CUDA Pinned memory
||This article includes a list of references, related reading or external links, but its sources remain unclear because it lacks inline citations. (November 2013)|
In the framework of accelerating computational codes by Parallel Computing on Graphics Processing Unit (GPU), the data to be processed must be transferred from the Central Processing Unit (CPU) to the GPU and the results of the processing from the GPU to the CPU. In a computational code accelerated by General Purpose GPU (GPGPU) computing, such transactions can occur many times and may affect the overall performance, so that the problem of carrying out those transfers in the fastest way arises.
To allow programmers to use a larger virtual address space than is actually available in the RAM, CPUs (or hosts, in the language of GPGPU) implement a virtual memory system Virtual memory (non-locked memory) in which a physical memory page can be swapped out to disk. When the host needs that page, it loads it back in from the disk. The drawback with CPU<->GPU memory transfers is that memory transactions are slower, i.e., the bandwidth of the PCI-E bus to connect CPU and GPU is not fully exploited.
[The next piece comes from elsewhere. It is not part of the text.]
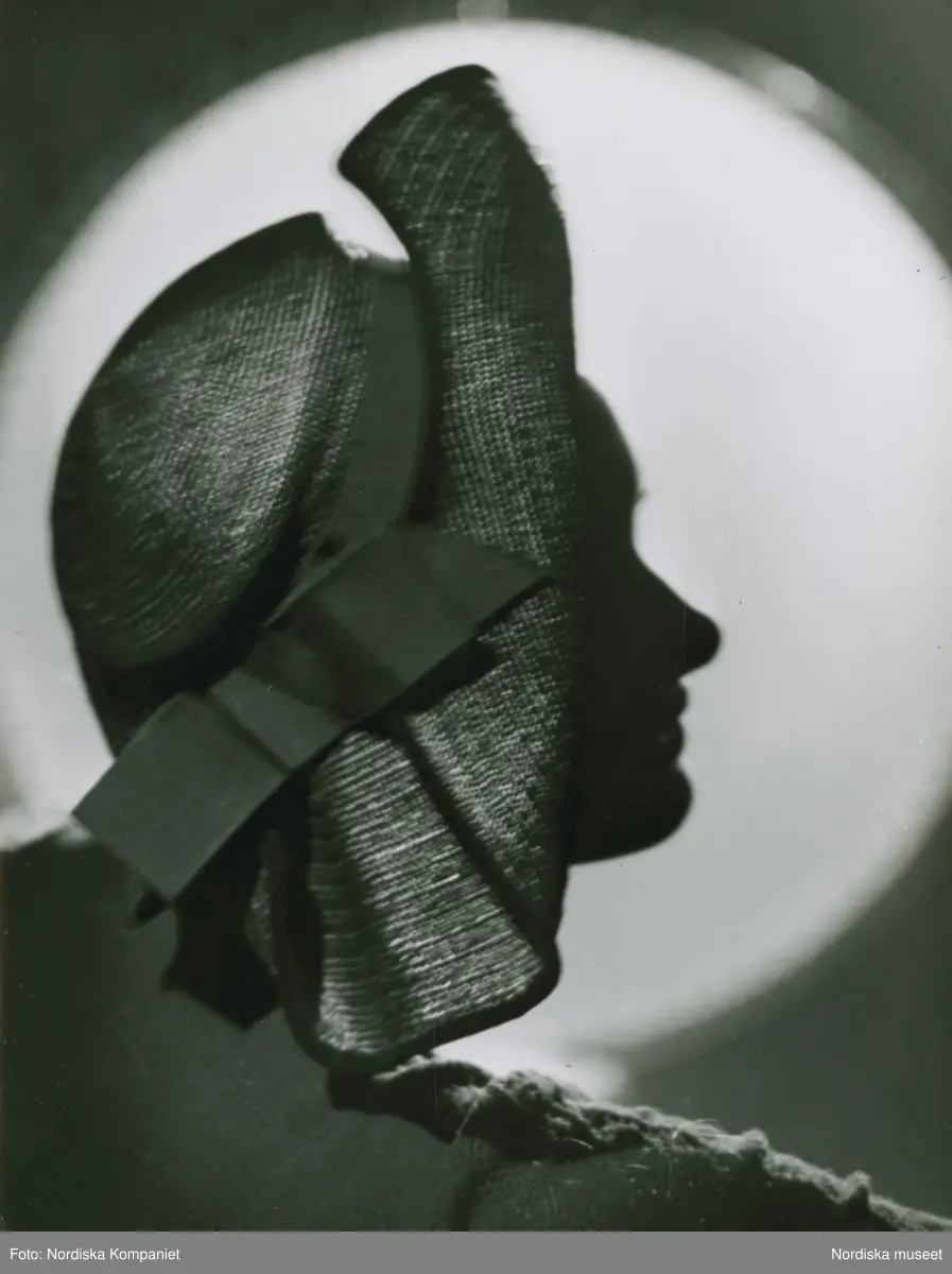 Porträtt av modell i hatt med ripsband. Cirkelformat ljus i bakgrunden.

Non-locked memory is stored not only in memory (e.g. it can be in swap), so the driver needs to access every single page of the non-locked memory, copy it into pinned buffer and pass it to the Direct Memory Access(DMA) (synchronous, page-by-page copy). Indeed, PCI-E transfers occur only using the DMA. Accordingly, when a “normal” transfer is issued, an allocation of a block of page-locked memory is necessary, followed by a host copy from regular memory to the page-locked one, the transfer, the wait for the transfer to complete and the deletion of the page-locked memory. This consumes precious host time which is avoided when directly using page-locked memory.
However, with today’s memories, the use of virtual memory is no longer necessary for many applications which will fit within the host memory space. In all those cases, it is more convenient to use page-locked (pinned) memory which enables a DMA on the GPU to request transfers to and from the host memory without the involvement of the CPU. In other words, locked memory is stored in the physical memory (RAM), so the GPU (or device, in the language of GPGPU) can fetch it without the help of the host (synchronous copy).
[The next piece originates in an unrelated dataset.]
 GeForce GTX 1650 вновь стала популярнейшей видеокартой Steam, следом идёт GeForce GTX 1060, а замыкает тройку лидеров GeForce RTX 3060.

GPU memory is automatically allocated as page-locked, since GPU memory does not support swapping to disk. To allocate page-locked memory on the host in CUDA language one could use cudaHostAlloc.
- Shane Cook, CUDA Programming, A Developer’s Guide to Parallel Computing with GPUs, Morgan Kaufmann, 2013.
- Jason Sanders, Edward Kandrot, CUDA By Example, An Introduction to General-Purpose GPU Programming, Addison-Wesley, 2011.